> [Data in this exercise]:
[Start of section]
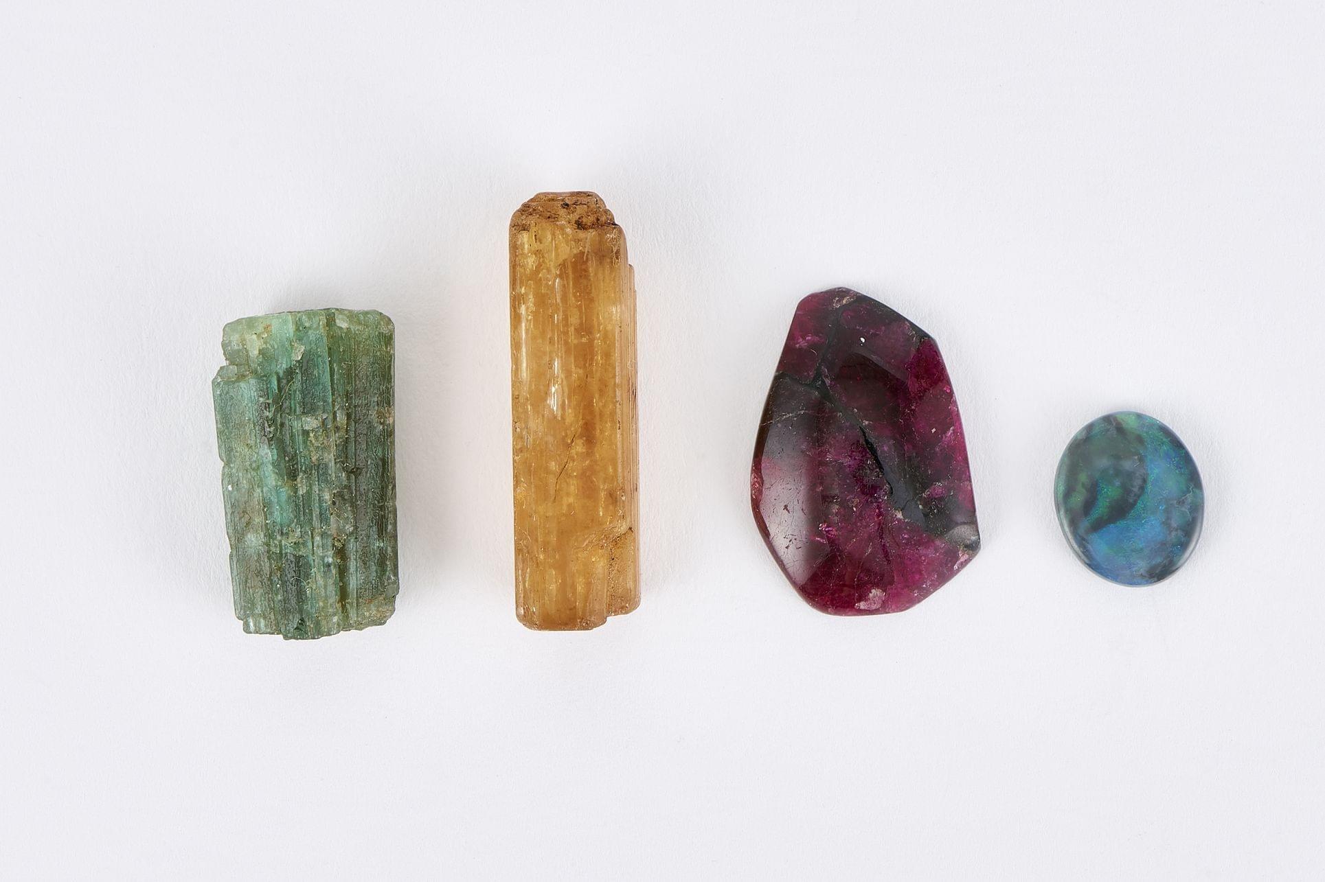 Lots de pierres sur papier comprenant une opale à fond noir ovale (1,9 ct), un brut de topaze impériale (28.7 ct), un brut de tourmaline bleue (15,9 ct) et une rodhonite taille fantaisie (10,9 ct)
[End of section]
[Start of section]
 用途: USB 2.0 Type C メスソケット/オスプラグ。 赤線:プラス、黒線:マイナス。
[End of section]
[Start of section]
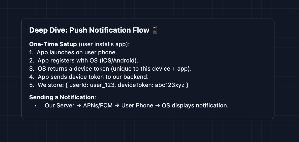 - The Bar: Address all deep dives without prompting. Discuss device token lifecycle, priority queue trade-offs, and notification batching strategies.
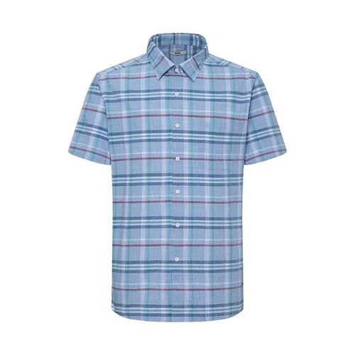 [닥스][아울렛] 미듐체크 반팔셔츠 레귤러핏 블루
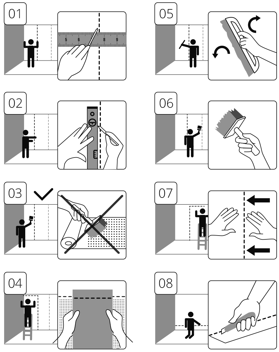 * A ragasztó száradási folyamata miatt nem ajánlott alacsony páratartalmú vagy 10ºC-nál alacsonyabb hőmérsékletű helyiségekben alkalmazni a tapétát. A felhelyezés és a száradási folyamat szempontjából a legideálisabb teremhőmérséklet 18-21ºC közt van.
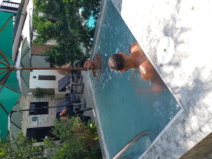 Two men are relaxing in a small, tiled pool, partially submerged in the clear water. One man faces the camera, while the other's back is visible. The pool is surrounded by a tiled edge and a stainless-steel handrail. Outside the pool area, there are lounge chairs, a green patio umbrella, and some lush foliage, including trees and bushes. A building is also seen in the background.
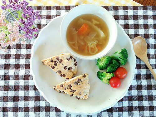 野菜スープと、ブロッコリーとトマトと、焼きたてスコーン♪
[End of section]
Copy out the listing above from the line containing "18-21ºC közt van." to the line containing "野菜スープと、ブロッコリーとトマトと、焼きたてスコーン♪", both included, exactly as written and minus the images.

> [Solution to the exercise]:
 * A ragasztó száradási folyamata miatt nem ajánlott alacsony páratartalmú vagy 10ºC-nál alacsonyabb hőmérsékletű helyiségekben alkalmazni a tapétát. A felhelyezés és a száradási folyamat szempontjából a legideálisabb teremhőmérséklet 18-21ºC közt van.
 Two men are relaxing in a small, tiled pool, partially submerged in the clear water. One man faces the camera, while the other's back is visible. The pool is surrounded by a tiled edge and a stainless-steel handrail. Outside the pool area, there are lounge chairs, a green patio umbrella, and some lush foliage, including trees and bushes. A building is also seen in the background.
 野菜スープと、ブロッコリーとトマトと、焼きたてスコーン♪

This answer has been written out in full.